> [THE TASK] Every line below from the one with "4pcs Panties Women's" through the one with "相手に決定機をほぼ作らせずに" is to be repeated exactly, with no picture among them.

> [DATA EXTRACT]

☆ ☆ ☆ ☆ ☆ ☆ ☆

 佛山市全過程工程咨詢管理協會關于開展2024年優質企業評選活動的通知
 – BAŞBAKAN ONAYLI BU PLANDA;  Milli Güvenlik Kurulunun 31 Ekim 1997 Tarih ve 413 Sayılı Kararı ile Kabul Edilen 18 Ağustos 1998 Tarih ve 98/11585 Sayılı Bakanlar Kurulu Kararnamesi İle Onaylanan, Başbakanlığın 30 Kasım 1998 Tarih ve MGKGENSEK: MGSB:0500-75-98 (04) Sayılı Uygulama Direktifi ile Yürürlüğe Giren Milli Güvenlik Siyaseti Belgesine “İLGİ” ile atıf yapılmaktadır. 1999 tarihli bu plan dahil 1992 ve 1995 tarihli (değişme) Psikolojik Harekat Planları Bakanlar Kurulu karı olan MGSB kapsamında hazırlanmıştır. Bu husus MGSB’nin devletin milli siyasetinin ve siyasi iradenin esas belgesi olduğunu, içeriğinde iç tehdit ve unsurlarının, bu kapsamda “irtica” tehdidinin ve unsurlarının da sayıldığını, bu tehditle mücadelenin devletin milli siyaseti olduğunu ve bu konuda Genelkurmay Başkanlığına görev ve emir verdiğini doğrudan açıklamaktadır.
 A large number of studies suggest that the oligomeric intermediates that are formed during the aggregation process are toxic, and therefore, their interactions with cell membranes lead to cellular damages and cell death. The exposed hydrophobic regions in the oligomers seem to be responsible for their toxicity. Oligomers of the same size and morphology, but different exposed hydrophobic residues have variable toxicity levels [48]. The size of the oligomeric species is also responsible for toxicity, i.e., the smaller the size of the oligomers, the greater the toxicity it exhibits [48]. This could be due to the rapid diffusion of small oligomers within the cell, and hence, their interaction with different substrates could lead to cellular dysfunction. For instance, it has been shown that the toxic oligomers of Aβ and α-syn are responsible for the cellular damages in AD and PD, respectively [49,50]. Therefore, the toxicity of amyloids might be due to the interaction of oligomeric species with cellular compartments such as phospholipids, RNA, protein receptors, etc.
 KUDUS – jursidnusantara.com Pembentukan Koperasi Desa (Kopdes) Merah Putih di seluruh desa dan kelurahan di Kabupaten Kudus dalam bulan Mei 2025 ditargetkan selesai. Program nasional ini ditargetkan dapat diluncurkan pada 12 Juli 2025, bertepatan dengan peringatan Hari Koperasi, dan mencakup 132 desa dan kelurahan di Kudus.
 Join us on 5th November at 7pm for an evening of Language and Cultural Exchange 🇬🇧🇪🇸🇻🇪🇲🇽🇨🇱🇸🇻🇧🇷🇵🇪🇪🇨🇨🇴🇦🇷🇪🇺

☆ ☆ ☆ ☆ ☆ ☆ ☆

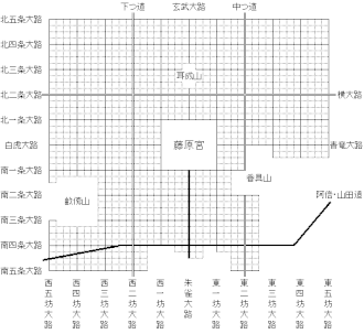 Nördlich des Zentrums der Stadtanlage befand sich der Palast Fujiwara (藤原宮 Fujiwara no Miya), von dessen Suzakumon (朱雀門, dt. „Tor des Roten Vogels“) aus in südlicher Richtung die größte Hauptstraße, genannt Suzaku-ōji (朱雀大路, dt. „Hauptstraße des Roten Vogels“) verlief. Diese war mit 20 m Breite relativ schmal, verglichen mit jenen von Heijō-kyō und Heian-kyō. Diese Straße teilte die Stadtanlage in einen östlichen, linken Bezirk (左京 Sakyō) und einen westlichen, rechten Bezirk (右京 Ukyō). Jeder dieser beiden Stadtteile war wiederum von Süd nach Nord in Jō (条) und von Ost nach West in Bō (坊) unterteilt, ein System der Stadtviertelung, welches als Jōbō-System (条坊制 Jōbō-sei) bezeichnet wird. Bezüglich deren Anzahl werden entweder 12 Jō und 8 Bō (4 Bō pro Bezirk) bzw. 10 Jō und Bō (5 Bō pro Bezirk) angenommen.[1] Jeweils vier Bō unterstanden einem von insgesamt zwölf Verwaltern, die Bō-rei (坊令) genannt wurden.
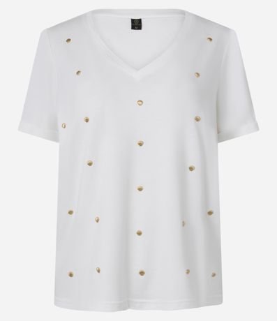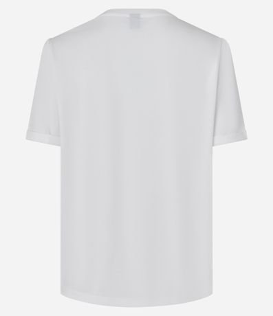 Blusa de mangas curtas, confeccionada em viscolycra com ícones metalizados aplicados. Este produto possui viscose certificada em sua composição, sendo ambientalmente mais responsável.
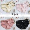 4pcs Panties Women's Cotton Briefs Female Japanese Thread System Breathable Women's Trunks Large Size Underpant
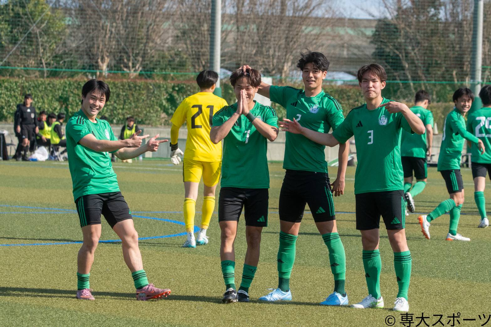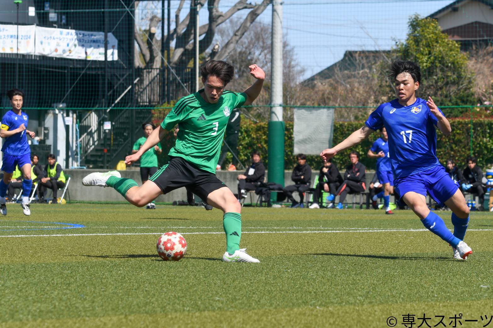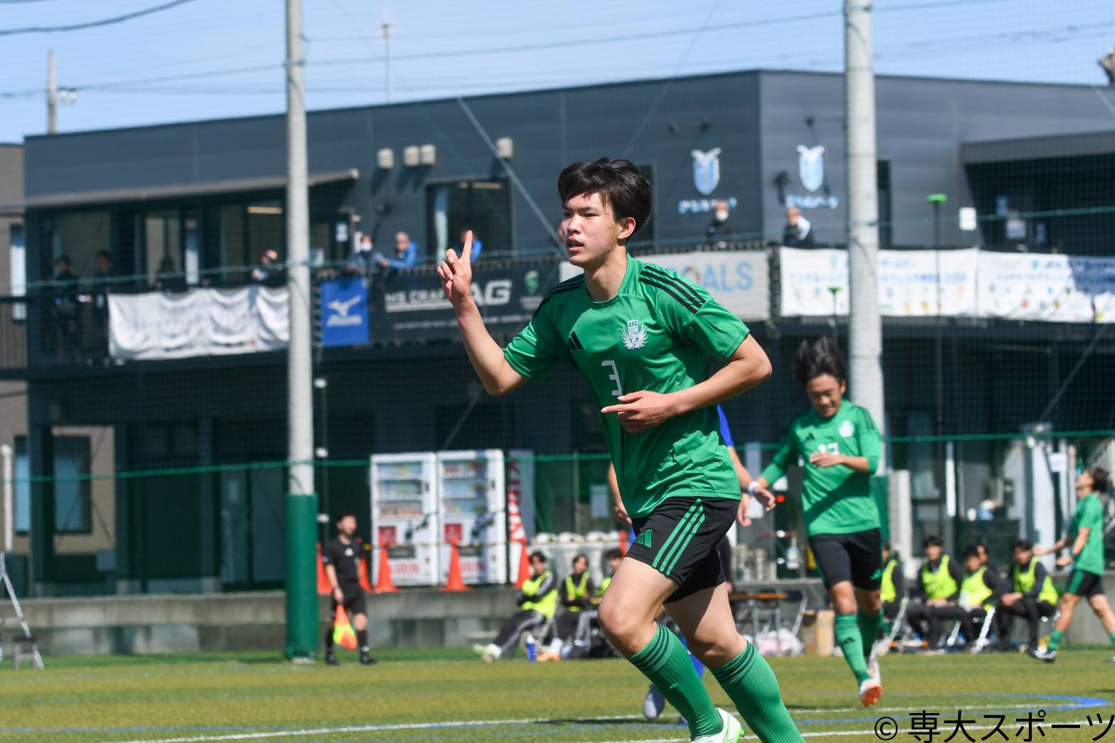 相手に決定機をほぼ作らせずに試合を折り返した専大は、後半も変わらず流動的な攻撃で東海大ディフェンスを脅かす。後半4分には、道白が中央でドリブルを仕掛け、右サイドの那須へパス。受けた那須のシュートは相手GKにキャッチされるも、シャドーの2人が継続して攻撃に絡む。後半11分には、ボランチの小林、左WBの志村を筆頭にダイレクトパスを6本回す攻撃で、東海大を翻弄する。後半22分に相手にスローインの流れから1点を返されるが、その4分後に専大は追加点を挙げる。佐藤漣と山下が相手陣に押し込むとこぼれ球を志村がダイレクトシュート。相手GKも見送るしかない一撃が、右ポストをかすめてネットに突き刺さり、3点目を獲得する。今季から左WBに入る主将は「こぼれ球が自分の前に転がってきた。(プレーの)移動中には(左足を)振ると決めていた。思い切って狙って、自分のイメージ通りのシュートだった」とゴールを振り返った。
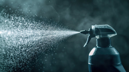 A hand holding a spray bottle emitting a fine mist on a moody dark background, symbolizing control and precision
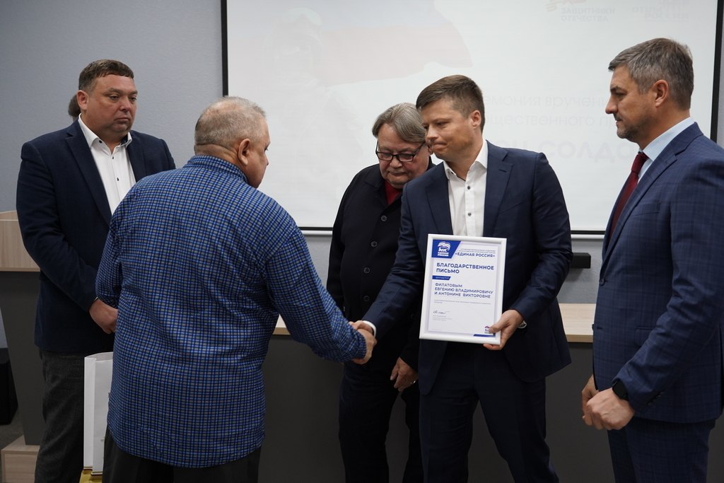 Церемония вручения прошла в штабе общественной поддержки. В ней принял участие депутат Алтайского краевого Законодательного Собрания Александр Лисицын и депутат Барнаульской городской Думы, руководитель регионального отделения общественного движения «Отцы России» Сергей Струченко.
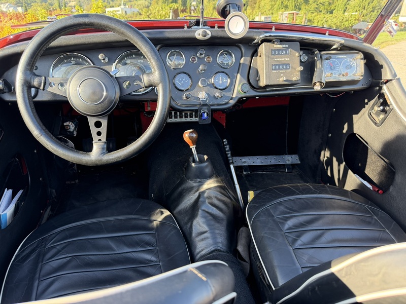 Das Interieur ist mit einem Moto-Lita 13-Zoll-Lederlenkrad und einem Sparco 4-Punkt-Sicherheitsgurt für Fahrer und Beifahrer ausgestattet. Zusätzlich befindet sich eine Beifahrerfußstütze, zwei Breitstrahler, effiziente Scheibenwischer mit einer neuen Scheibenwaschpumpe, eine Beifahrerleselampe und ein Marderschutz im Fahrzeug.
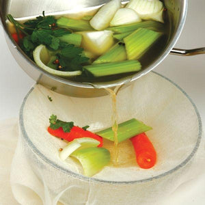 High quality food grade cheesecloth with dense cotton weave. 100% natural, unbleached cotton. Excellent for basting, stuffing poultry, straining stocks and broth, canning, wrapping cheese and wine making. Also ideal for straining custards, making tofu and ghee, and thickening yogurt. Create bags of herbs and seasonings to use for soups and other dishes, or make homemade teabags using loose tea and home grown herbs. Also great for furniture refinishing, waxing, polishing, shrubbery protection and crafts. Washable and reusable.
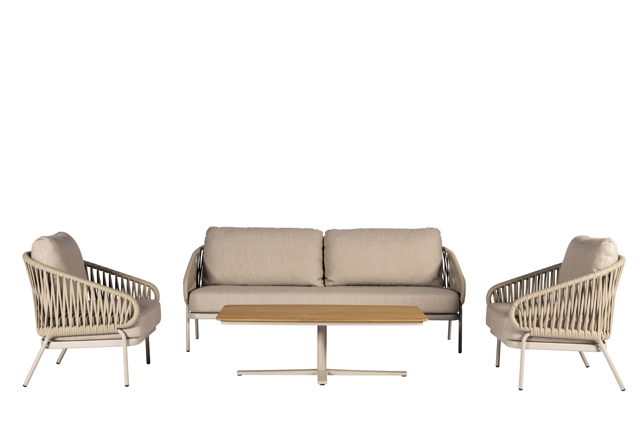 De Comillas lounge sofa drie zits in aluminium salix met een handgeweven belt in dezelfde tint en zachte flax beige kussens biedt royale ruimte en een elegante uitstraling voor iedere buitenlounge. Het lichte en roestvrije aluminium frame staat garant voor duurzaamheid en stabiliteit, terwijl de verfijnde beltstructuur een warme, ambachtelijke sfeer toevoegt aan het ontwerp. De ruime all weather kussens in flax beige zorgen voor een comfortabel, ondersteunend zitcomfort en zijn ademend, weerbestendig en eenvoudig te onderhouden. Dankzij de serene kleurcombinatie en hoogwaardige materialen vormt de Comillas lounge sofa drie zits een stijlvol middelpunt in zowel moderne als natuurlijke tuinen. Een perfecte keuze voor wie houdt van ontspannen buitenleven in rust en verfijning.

☆ ☆ ☆ ☆ ☆ ☆ ☆

> [PROBLEM SOLUTION]
 4pcs Panties Women's Cotton Briefs Female Japanese Thread System Breathable Women's Trunks Large Size Underpant
 相手に決定機をほぼ作らせずに試合を折り返した専大は、後半も変わらず流動的な攻撃で東海大ディフェンスを脅かす。後半4分には、道白が中央でドリブルを仕掛け、右サイドの那須へパス。受けた那須のシュートは相手GKにキャッチされるも、シャドーの2人が継続して攻撃に絡む。後半11分には、ボランチの小林、左WBの志村を筆頭にダイレクトパスを6本回す攻撃で、東海大を翻弄する。後半22分に相手にスローインの流れから1点を返されるが、その4分後に専大は追加点を挙げる。佐藤漣と山下が相手陣に押し込むとこぼれ球を志村がダイレクトシュート。相手GKも見送るしかない一撃が、右ポストをかすめてネットに突き刺さり、3点目を獲得する。今季から左WBに入る主将は「こぼれ球が自分の前に転がってきた。(プレーの)移動中には(左足を)振ると決めていた。思い切って狙って、自分のイメージ通りのシュートだった」とゴールを振り返った。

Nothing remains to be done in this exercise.